Patent Discrimination in Software
In general, the patent system has always been administered by patent attorneys for the benefit of those attorneys’ clients. Any system that allows those who stand to gain to set the rules would be detrimental to the general welfare. However, in the software industry, patents also explicitly discriminate against the small, adaptable, and cooperative teams who created the Internet.
The patent system unfairly disadvantages genuine innovators by granting patents far too frequently and without sufficient rationale. There has never been a single economic study that shown how the software industry benefited from patents. Studies today indicate the reverse.
The increase of software patents has only occurred for dogmatic reasons. The patent system discriminates against quick-moving, flexible industries like software and favours slow-moving ones like pharmaceutics by enforcing a “one size fits all” policy. In a market where whole product life cycles are measured in a few years, exclusive privileges for twenty years are absurd.
In a market where competition is the lifeblood, the granting of overly wide monopolies on ideas keeps out innovation and competition. Patents are not used to make money by stifling the US software market. It unfairly favours people in nations with more reasonable patent laws over US software creators.
Smaller software companies are severely penalised by the patent system because they cannot afford the expense and, more importantly, the risks of obtaining patents. A recent study by a patent advocate revealed that very few small software companies get software patents, with 80% of VC-funded software startups failing to do so within four years of funding. And the majority of businesses, which do not receive VC funding…? Even the purchase of one patent by 5% of tiny software companies would be unexpected.

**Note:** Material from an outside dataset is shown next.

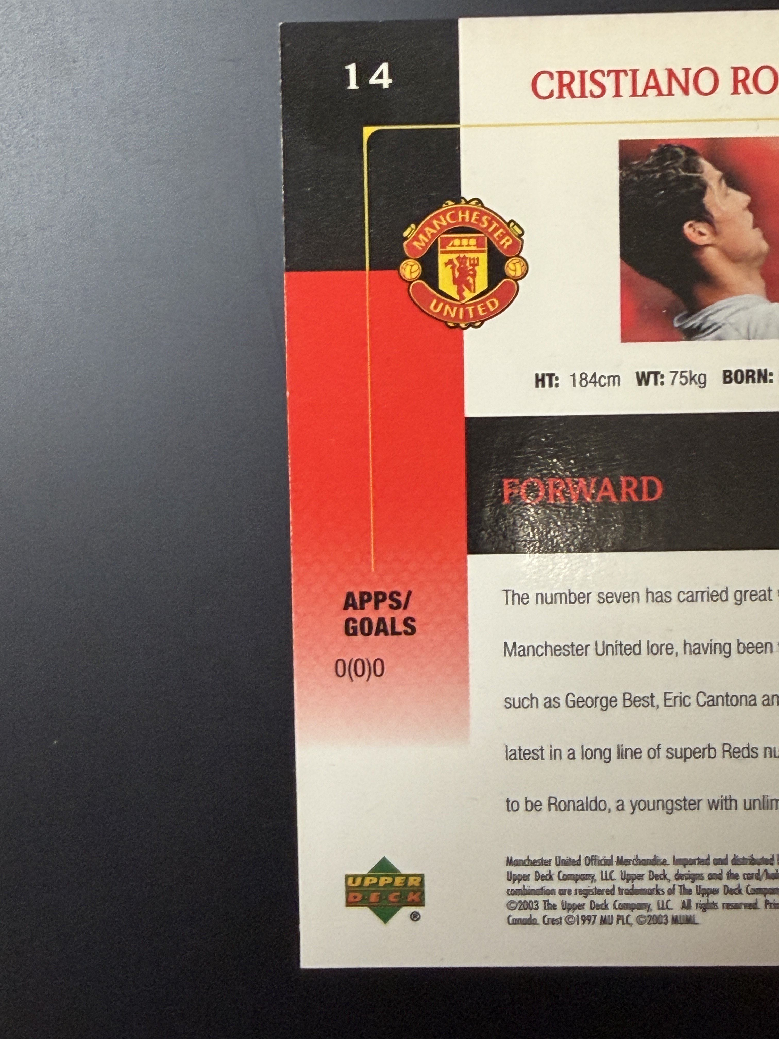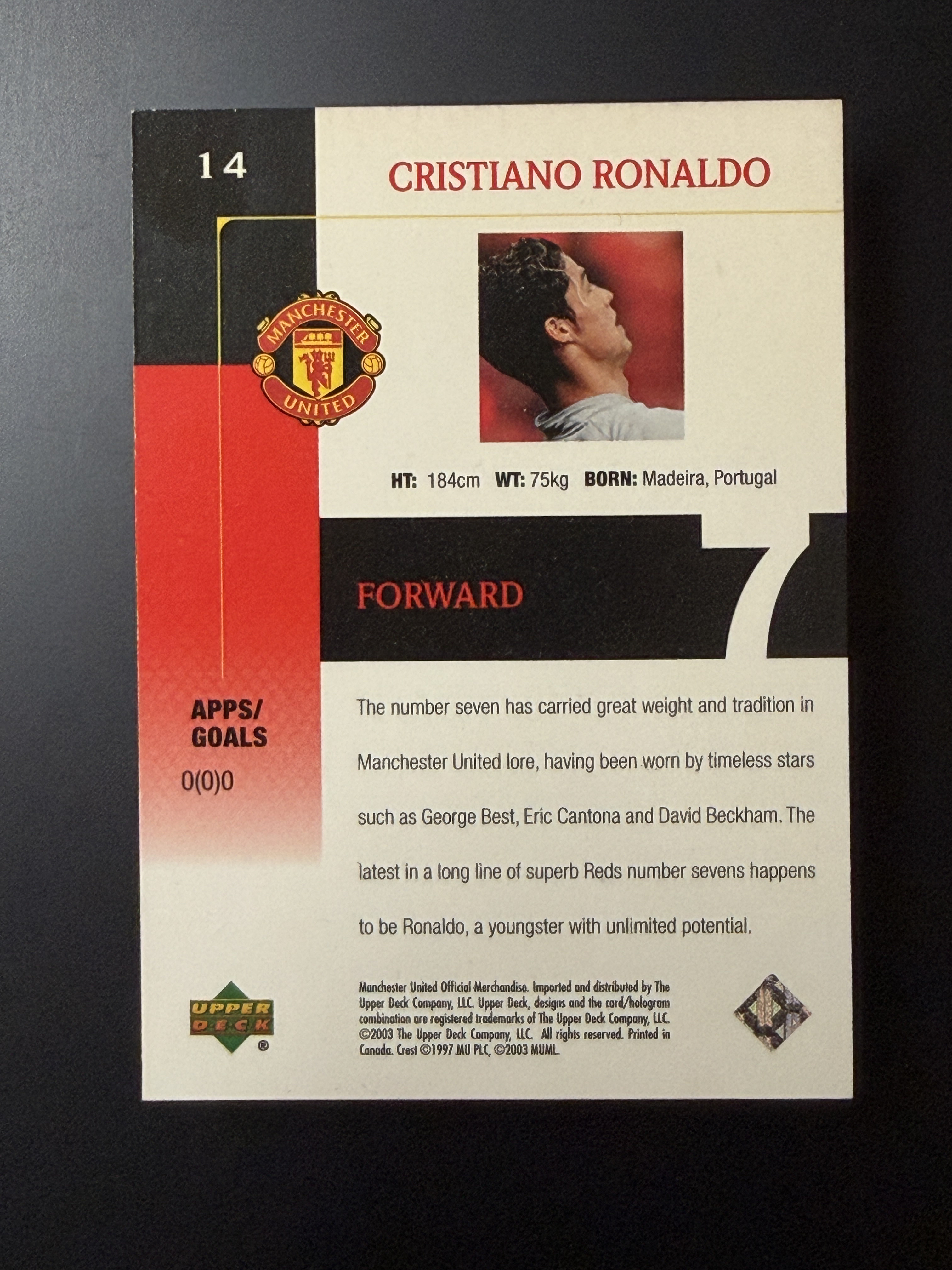 2003 Upper Deck SP Cristiano Ronaldo 【未来拍卖】 UD C罗 罗纳尔多 新秀卡 最正最早的新秀卡 卡品很好 细节图已拍 可以搏高分 曼联 葡萄牙 皇马 尤文 梅西

Finally, by restricting transparency and the free exchange of ideas and knowledge, the exclusive advantage that software patents grant their owners discriminates against open research. Ironically, patents are occasionally promoted as “rewarding disclosure” even though they really actively prohibit it. Anyone other than a patent expert cannot understand software patents, and the drive to obtain patents makes engineers much less likely to share their ideas with others.